My the penguins sic the boneheads, each and every one.

Sandalstraps said...

Brian,

I should clarrify that comment by saying that, in this case may does not mean that it is in fact the case that they do, but rather that, even if they do have the same moral value (which is not a given, though I'm leaning toward it) they are still not exactly the same.

So, for instance, if we were to somehow put together that perfect moral calculus that some Utilitarians keep looking for, and then ascribe a "moral quantity" to each moral action ("moral action" in this case referring both to sins of ommission and sins of commission), we might then with mathematical precision find that actively killing someone has the same moral value, per this "moral quantity," as failing to stop someone from killing someone else, at least under certain circumstances (we could imagine what those might be). Even still, the two would not be able to be described in the same way, and would remain very different sorts of moral actions, wrong for vastly different reasons.

Sandalstraps said...

Brian,

Historically speaking, yes, this is true. However, I think that this shows a great deal of shortsightedness on the part of Utilitarians (a shortsightedness shared by many of us who reflect on such issues).

If the question you're asking, as a Utilitarian, is what constitutes right action and wrong action, then "moral quantity" (if there ever could be such a thing) is the only concern, as you well note. But if your question is a deeper one, but one which can still be phrased to coincide with Utilitarian concerns, then more subtle considerations (which we shall see in a moment) come into play.
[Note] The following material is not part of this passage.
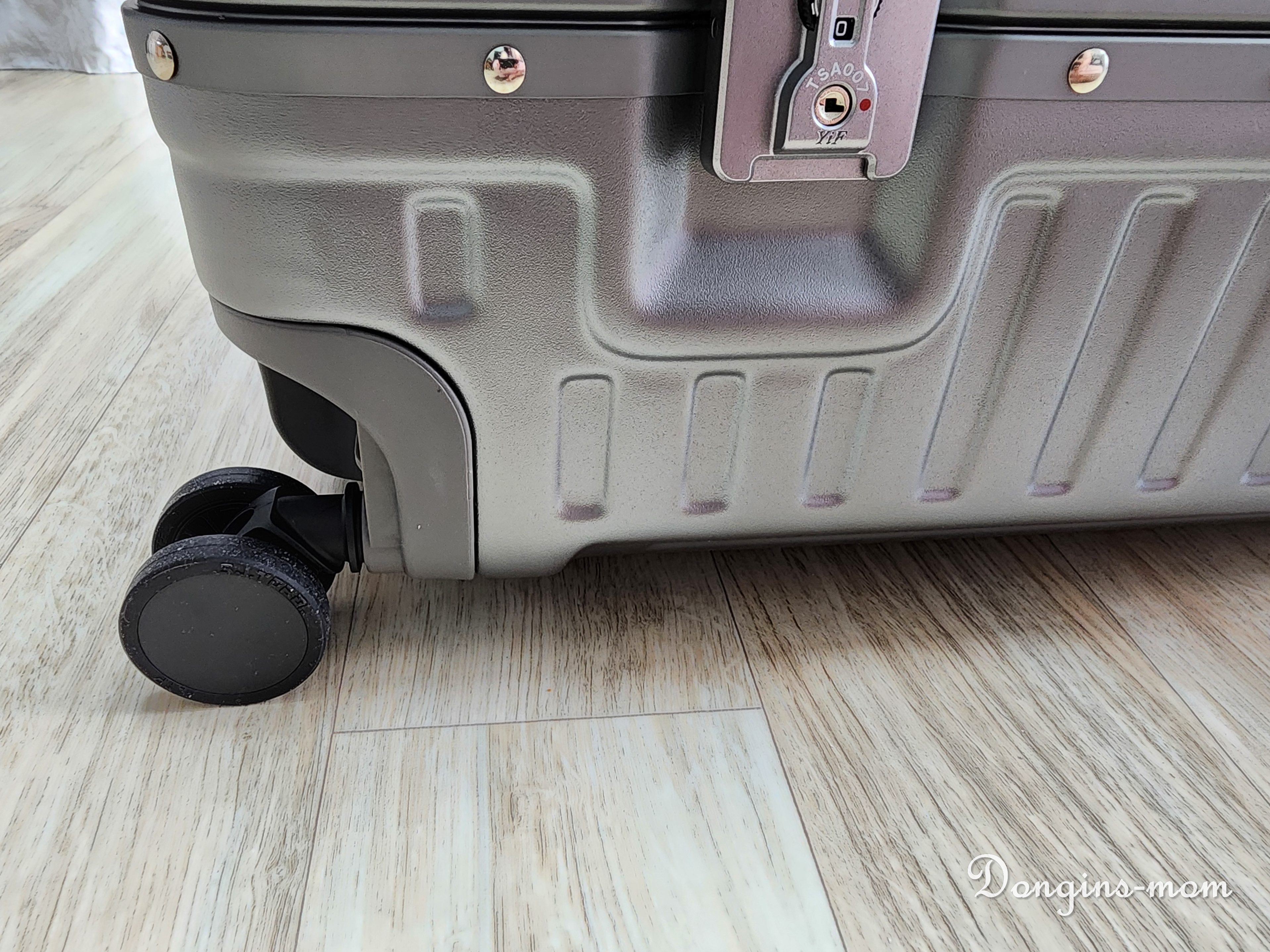 가방을 열때마다 바퀴가 자동으로 착! 눕지는 않지만 바퀴가 좀 덜 누워도 사용에 전혀 불편함은 없더라구요.

That question, phrased the way I think a Utilitarian might phrase it, is this:

How do we maximize that which is deemed to be good (pleasure, to put it crudely) while minimizing that which is deemed to be bad (pain, or more appropriately, suffering)?

With this as a concern - and I think that this is the ultimatel Utilitarian concern - there are simply more factors involved than just moral quantity. Of course the moral quantity of an action determines whether we can call it a good action or a bad action. And, of course, we take can active actions (commission) and juxtapose them against passive actions (ommission) and see that they might, quantitatively speaking, have the same moral value. But once we start down the road to moral correction, which is one way of looking at the goal of maximizing the good while minimizing the bad, other factors must come into play.

Simply put, we cannot work to alleviate suffering while bring about good without understanding why people actively harm or passively refrain from helping a victim. And even if both of these result in the same sad end (the death of a sentient being) they come arrive at that end in different ways and for different reasons. So, correcting the problems which gave rise to the equally bad ends, then, will almost involve very different solutions.

In the face, then, of our moral duty to not only identify right from wrong but to work to maximize the right and minimize the wrong wherever we can (a task which, especially when we are thinking collectively rather than just individually, necessarily involves some sort of moral correction) we cannot - even if we are as daft as Cal Thomas - make the mistake of conflating a sin of commission with a sin of ommission. To do so is to invariably fail to solve the problems which gave rise to the sin, and as such is to fail to prevent that sin from being committed again.

I know that I have here rather carelessly shifted from Utilitarian to Buddhist to Christian language. Oh well, that's just how it goes. At least you can see my concern here.